Before initializing the network, configure the context parameter to control the policy executed by the program. For example, you can select an execution mode and backend, and configure distributed parameters. Different context parameter configurations implement different functions, including execution mode management, hardware management, distributed management, and maintenance and test management.

Execution Mode Management

MindSpore supports two running modes: PyNative and Graph.

  • PYNATIVE_MODE: dynamic graph mode. In this mode, operators in the neural network are delivered and executed one by one, facilitating the compilation and debugging of the neural network model.

  • GRAPH_MODE: static graph mode or graph mode. In this mode, the neural network model is compiled into an entire graph, and then the graph is delivered for execution. This mode uses graph optimization to improve the running performance and facilitates large-scale deployment and cross-platform running.

Mode Selection

You can set and control the running mode of the program. By default, MindSpore is in PyNative mode.

A code example is as follows:

from mindspore import context
context.set_context(mode=context.GRAPH_MODE)

Mode Switching

You can switch between the two modes.

When MindSpore is in PyNative mode, you can switch it to the graph mode using context.set_context(mode=context.GRAPH_MODE). Similarly, when MindSpore is in graph mode, you can switch it to PyNative mode using context.set_context(mode=context.PYNATIVE_MODE).

A code example is as follows:

import numpy as np
import mindspore.nn as nn
from mindspore import context, Tensor

context.set_context(mode=context.GRAPH_MODE, device_target="GPU")

conv = nn.Conv2d(3, 4, 3, bias_init='zeros')
input_data = Tensor(np.ones([1, 3, 5, 5]).astype(np.float32))
conv(input_data)
context.set_context(mode=context.PYNATIVE_MODE)
conv(input_data)

In the preceding example, the running mode is set to GRAPH_MODE and then switched to PYNATIVE_MODE.

Hardware Management

Hardware management involves the device_target and device_id parameters.

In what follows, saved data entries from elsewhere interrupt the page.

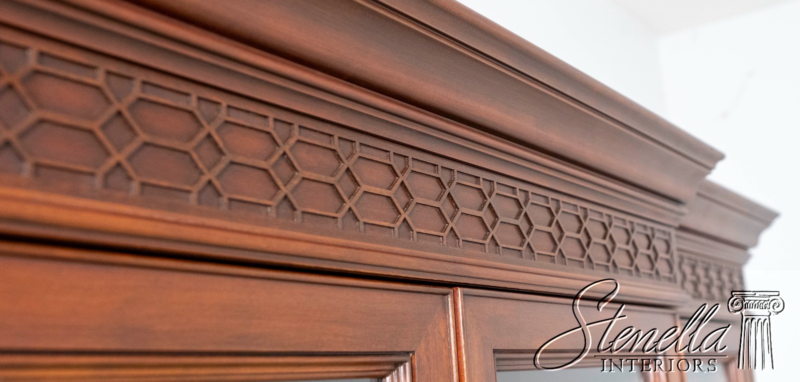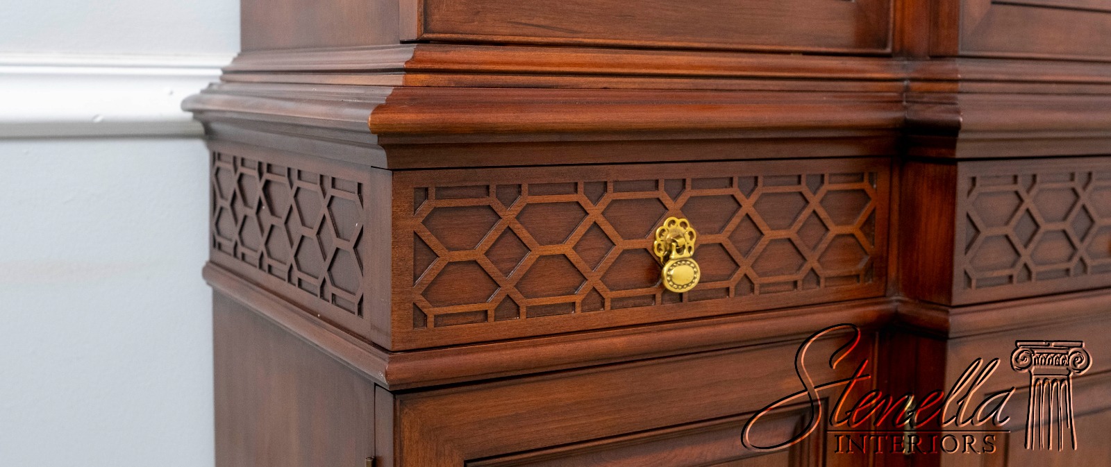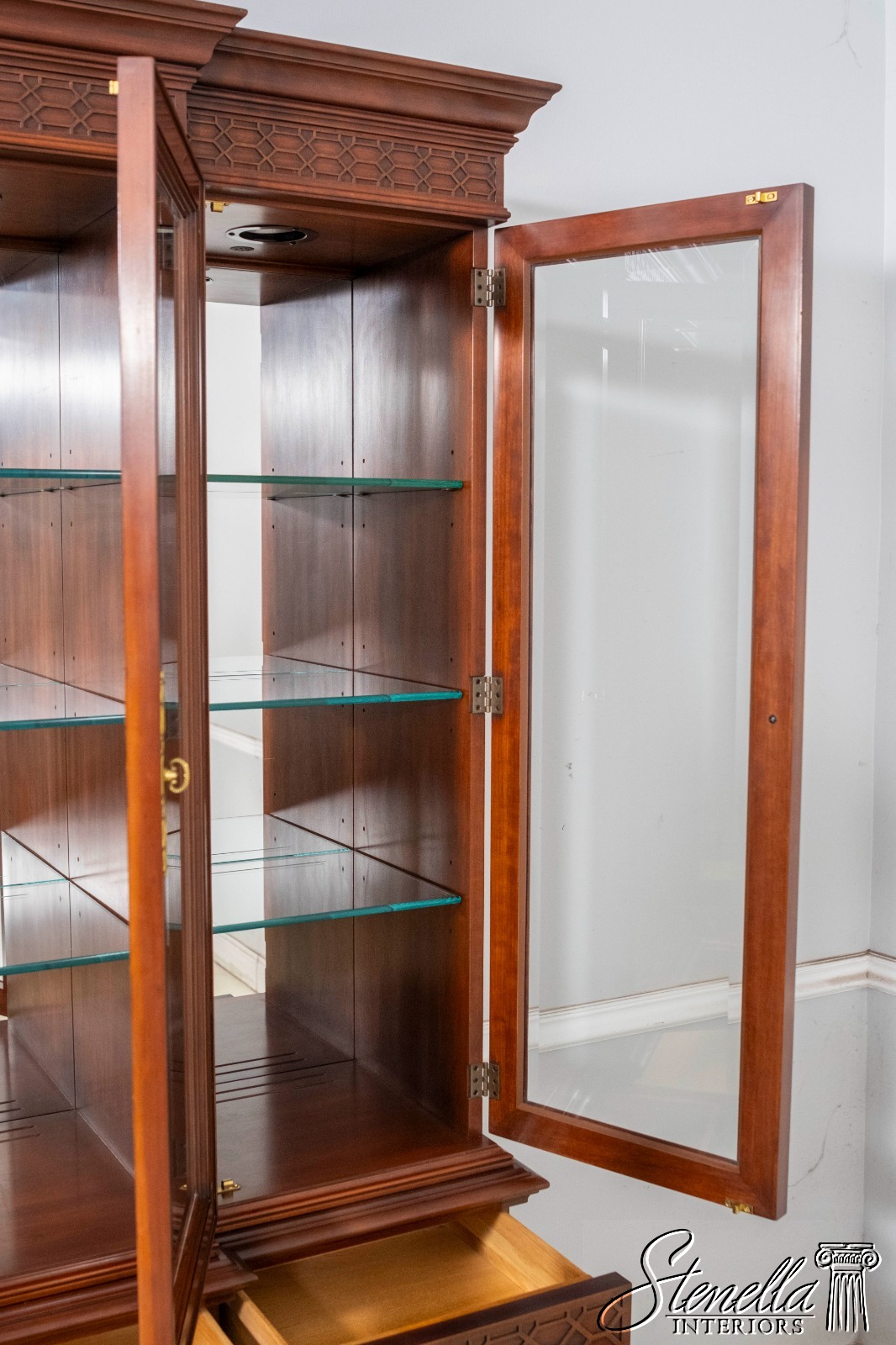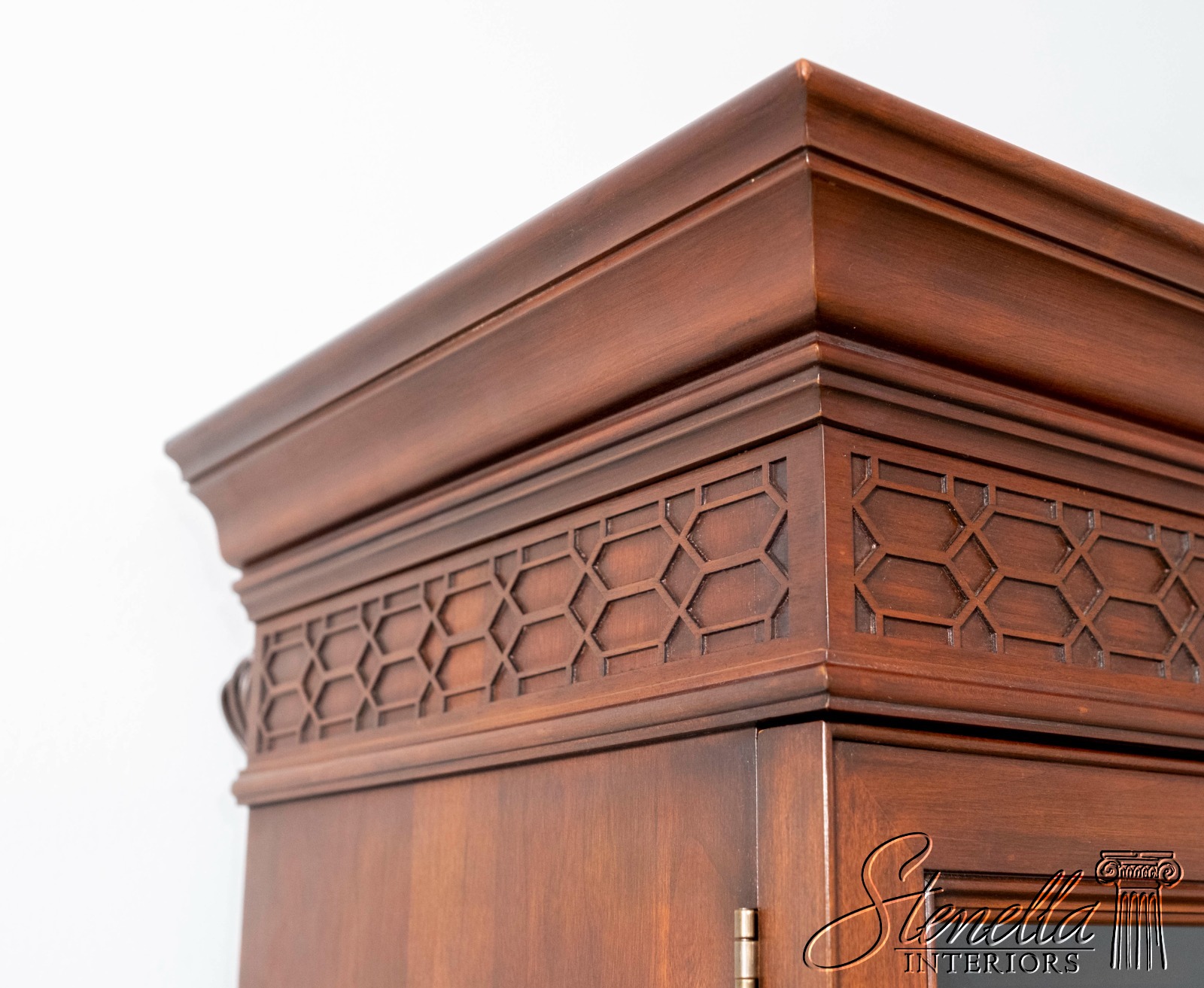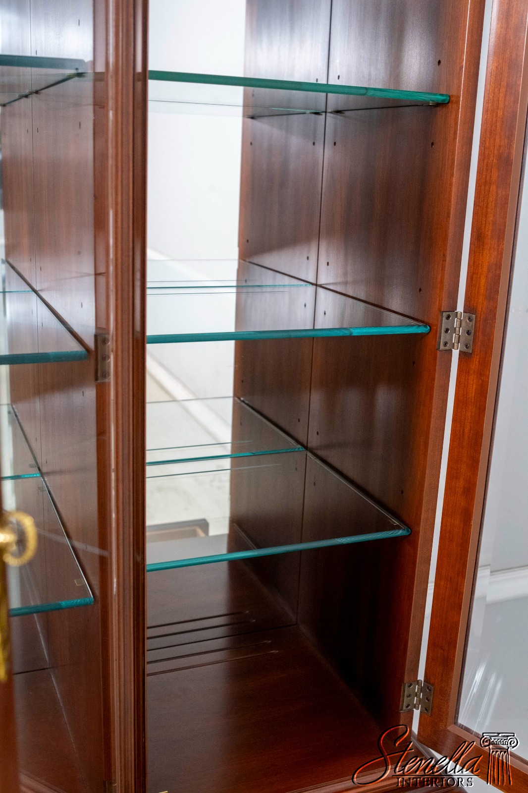 Details: Finish no.24 Model 2386 Cherry Adjustable Shelves Dovetailed Drawer Construction Fine Carved Details High Quality Construction Large Impressive Cabinet Lighted Interior Mirrored Back Raised Panel Doors Individual Pane Glass Doors Solid Brass Hardware Offered @ Fraction Original Retail Cost
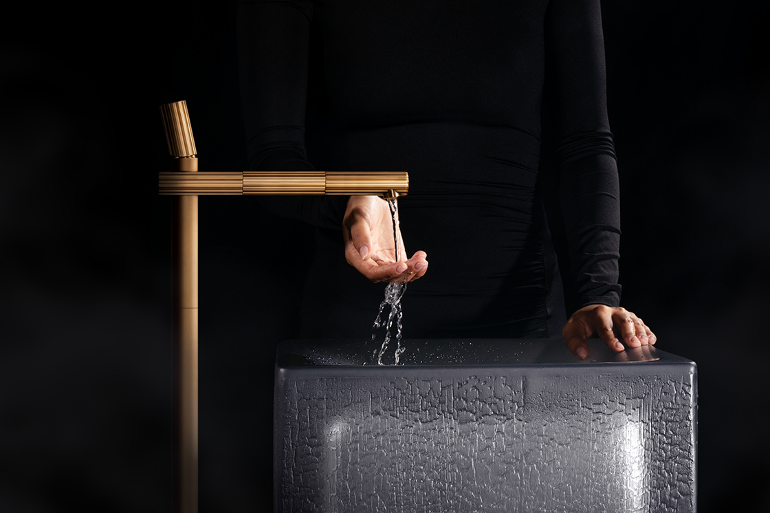 Le texture verticali, che arricchiscono corpo e leve di apertura, creano giochi di luce e profondità tattile, esaltando il contrasto tra superfici lisce e incise.
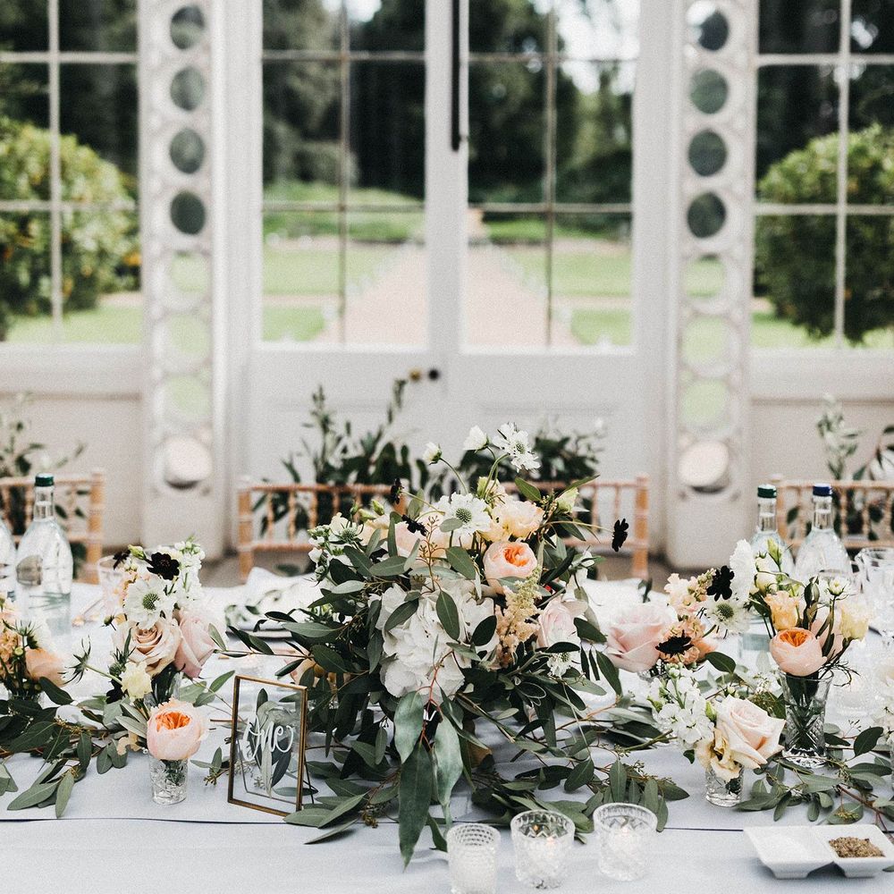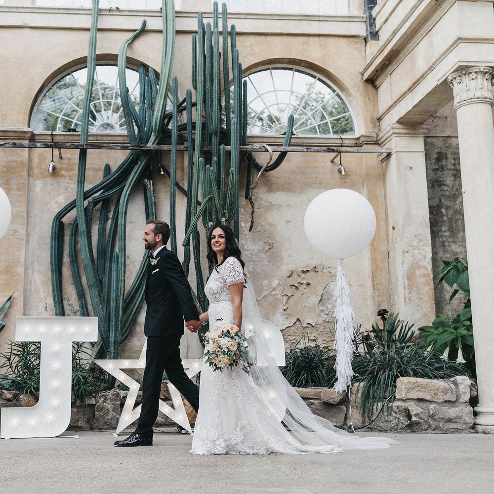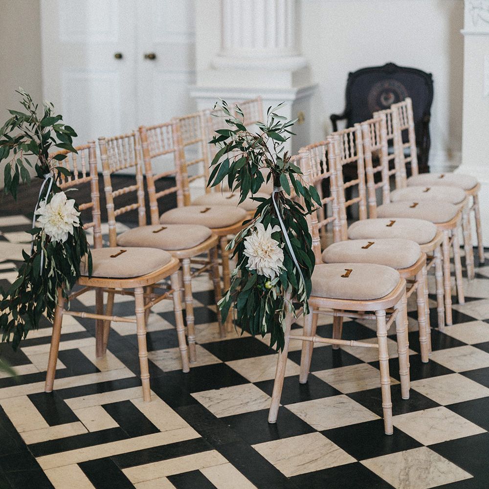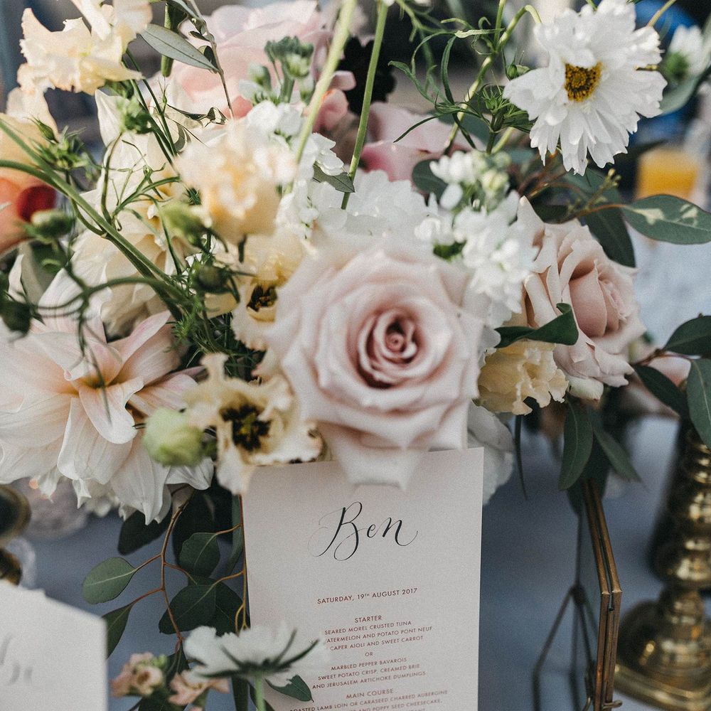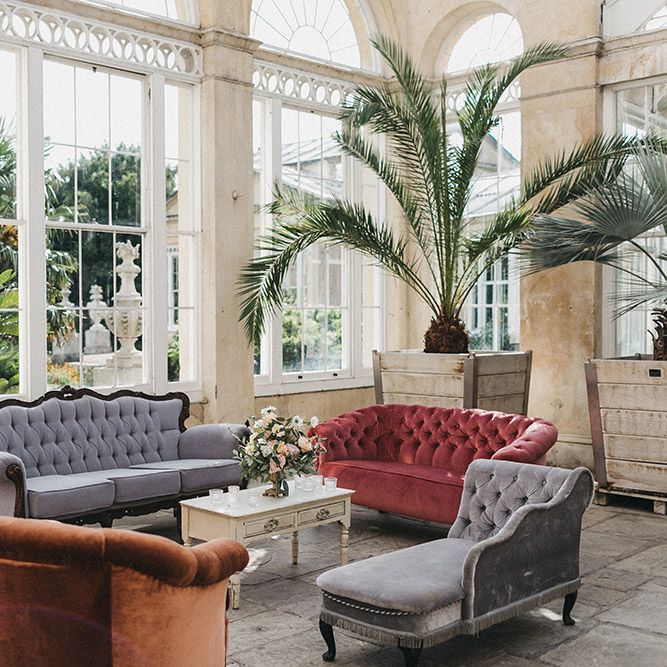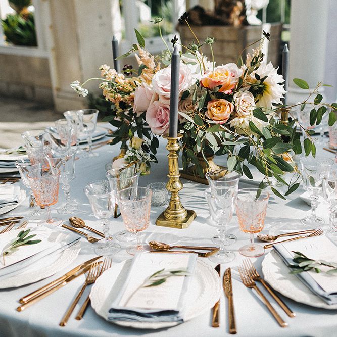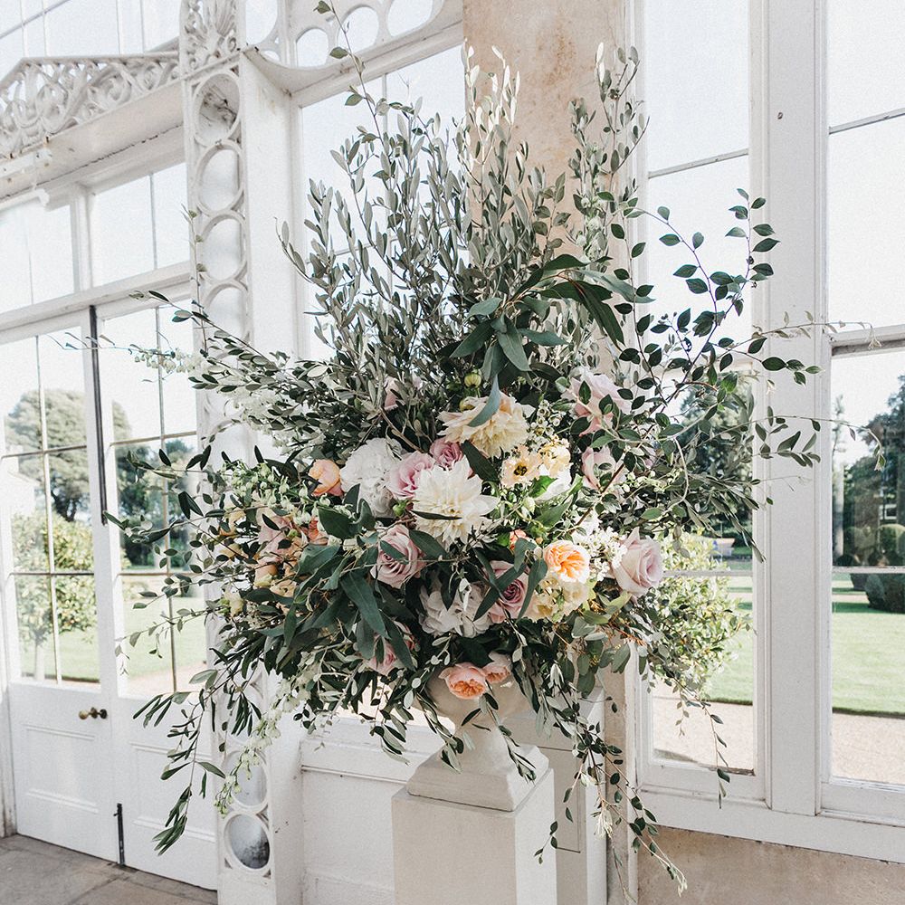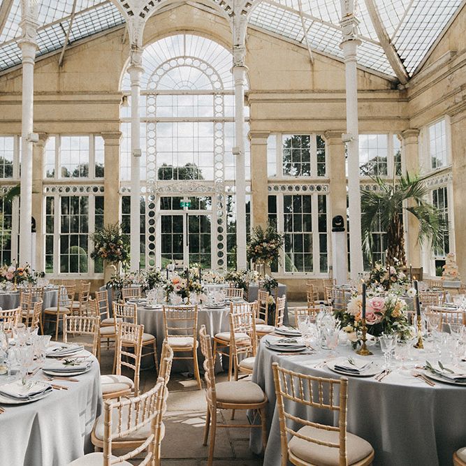 Our loose theme was 'boho luxe botanical', based around the colours of blush, gold and grey, with lots of greenery. We hired gold cutlery, glasses and plates from Duchess & Butler, and created a lounge area with vintage furniture from Vintage Style Hire and The Prop Factory, who also provided giant light-up letters which were later moved to the dancefloor. I love flowers and knew this would make a huge difference to the overall styling of Syon Park, and gave our florist - Vic of Scarlet & Violet - a brief of elegant bohemian flowers in blush, cream and peach plus greenery. We chose Café au Lait dahlias, a variety of David Austin roses, hydrangeas, delphinium and cosmos, alongside eucalyptus and olive. I was blown away by the flowers on the day, which exceeded all my expectations.

  • device_target: sets the target device. Ascend, GPU, and CPU are supported. Set this parameter based on the actual requirements.

  • device_id: specifies the physical sequence number of a device, that is, the actual sequence number of the device on the corresponding host. If the target device is Ascend and the specification is NAscend (N > 1, for example, 8Ascend), in non-distributed mode, you can set device_id to determine the device ID for program execution to avoid device usage conflicts. The value ranges from 0 to the total number of devices minus 1. The total number of devices cannot exceed 4096. The default value is 0.

On the GPU and CPU, the device_id parameter setting is invalid.

A code example is as follows:

from mindspore import context
context.set_context(device_target="Ascend", device_id=6)

Distributed Management

The context contains the context.set_auto_parallel_context API that is used to configure parallel training parameters. This API must be called before the network is initialized.

For details about distributed management, see Parallel Distributed Training.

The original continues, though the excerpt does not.